Abstract

Interleukin (IL)-6 is an important mediator of the host response to disease and has been proposed, largely based upon circumstantial evidence, as the principal endogenous circulating pyrogen responsible for activating CNS mechanisms in fever during infection and inflammation. In the present investigation, we studied the role of peripheral IL-6 in fever and its relationship with IL-1, itself an important endogenous pyrogen and a potent stimulus of IL-6 production. Injection of lipopolysaccharide (LPS) into a sterile, subcutaneous air pouch (i.po.) in rats evoked an increase in body temperature which peaked at 3 h, and which was abolished in animals pretreated (intraperitoneally) with IL-6 antiserum. The increase in body temperature was accompanied by a significant elevation in concentrations of (immunoreactive) IL-1 and IL-6 at the site of inflammation (pouch), but only IL-6 in the circulation and cerebrospinal fluids.
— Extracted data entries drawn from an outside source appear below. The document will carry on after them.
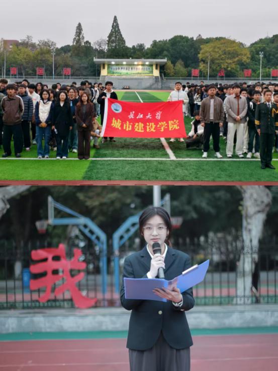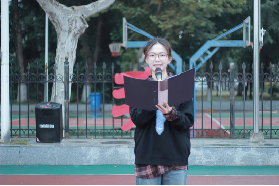 升旗仪式后,学生代表土木中外合作12202班于敏芮以《以青春之我,赴时代之约》为题发表演讲。她结合自身乡村支教经历与学科竞赛的经历,倡议同学们立足专业领域,将个人理想融入时代发展,以扎实的专业知识和不懈奋斗回应时代的召唤,在服务社会中充实青春之我。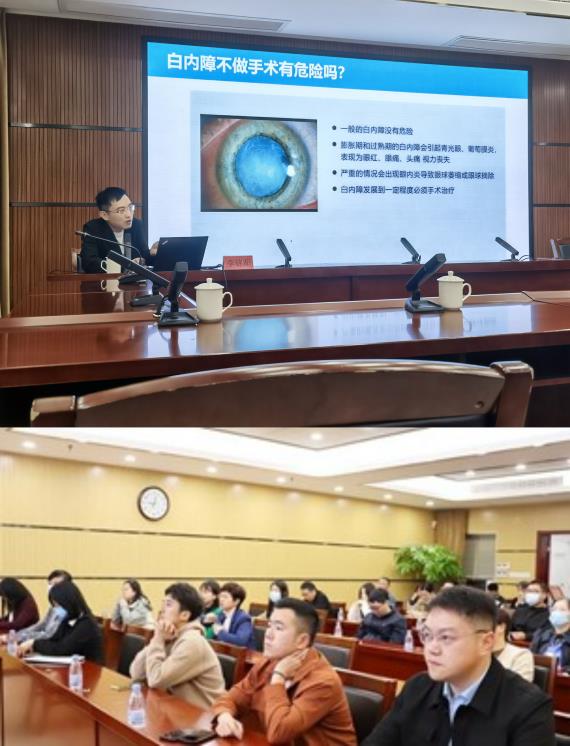 在7日上午的活动启动仪式上,干眼专科副主任李锦阳用通俗易懂的文字和图片为大家普及了科学用眼、青少年近视防控、以及中老年常见眼病知识,让机关工作人员进一步加深对眼健康和保健的认识。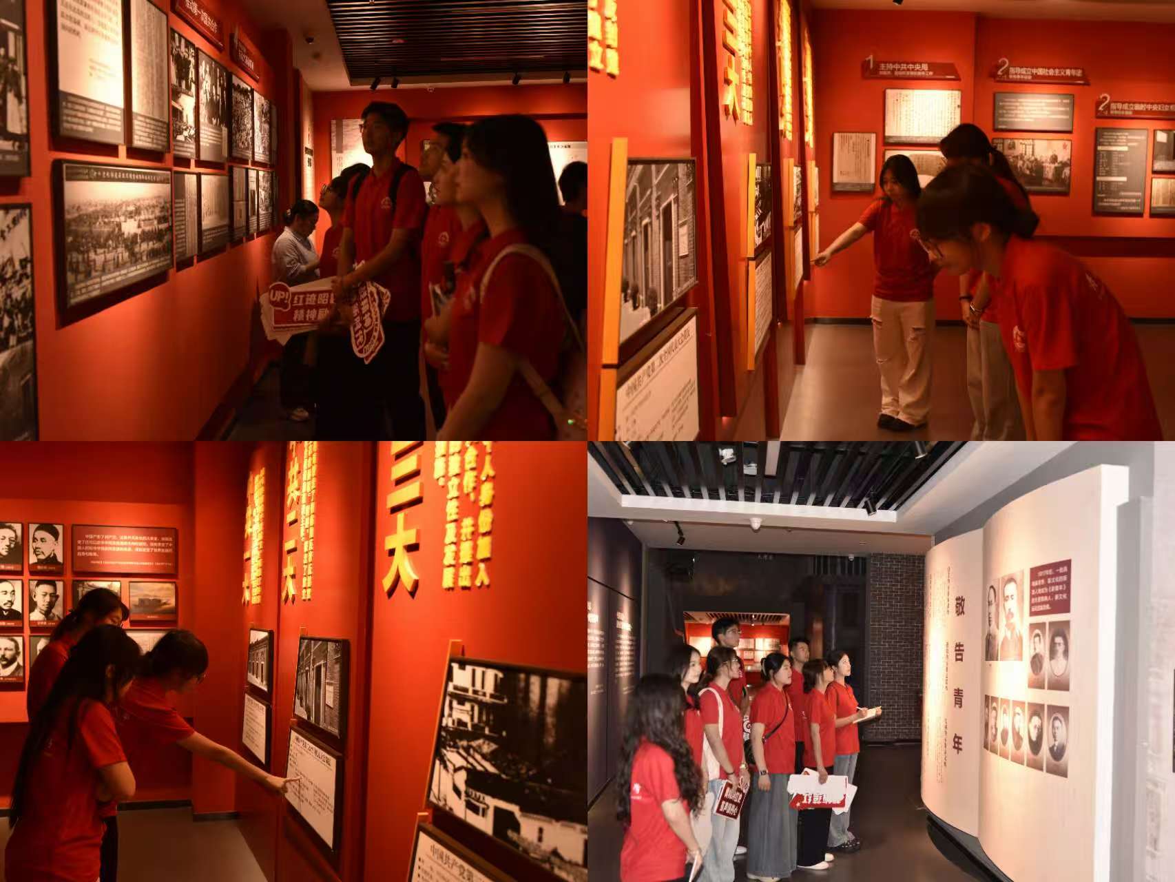 实践团重点参访了陈独秀生平事迹陈列馆。在馆内,队员们通过详实的史料与生动的讲解,系统学习了陈独秀先生从领导新文化运动、推动五四风雷到参与创建中国共产党的光辉历程。一件件珍贵文物与历史图片,引领青年学子们重回那个风云激荡的年代,深刻体会早期共产党人为民族觉醒与复兴所作出的艰辛求索。随后,团队步入庄严肃穆的独秀园,在先生长眠之地,团员们驻足默思,感悟“新青年”精神穿越时空的力量。园内“科学”“民主”石刻与《新青年》碑刻,成为同学们感悟建党初心、传承红色基因的生动教材。队员们表示,将努力把这份红色滋养融入未来的艺术表达与文创设计中,担当起新时代传承红色基因的使命。

We propose that much of the circulating IL-6 originates at the site of inflammation, since injection of human recombinant (hr)IL-6 (i.po.) was detected (10 min after the injection) in the plasma using an ELISA specific for human IL-6. However, despite the relatively high concentration of IL-6 injected (25 microg kg-1, i.po.), this cytokine had no effect on body temperature when injected alone, but did induce fever when co-injected with a non-pyrogenic dose (when given alone) of IL-1beta, and exacerbated the fever to a pyrogenic dose of IL-1beta. The results from the present study demonstrate that IL-6 is a circulating endogenous pyrogen during LPS-induced fever, which acts in concert with IL-1beta at the local site of inflammation, before entering the circulation. Circulating IL-6 can then activate CNS mechanisms resulting in the development of the febrile response during disease.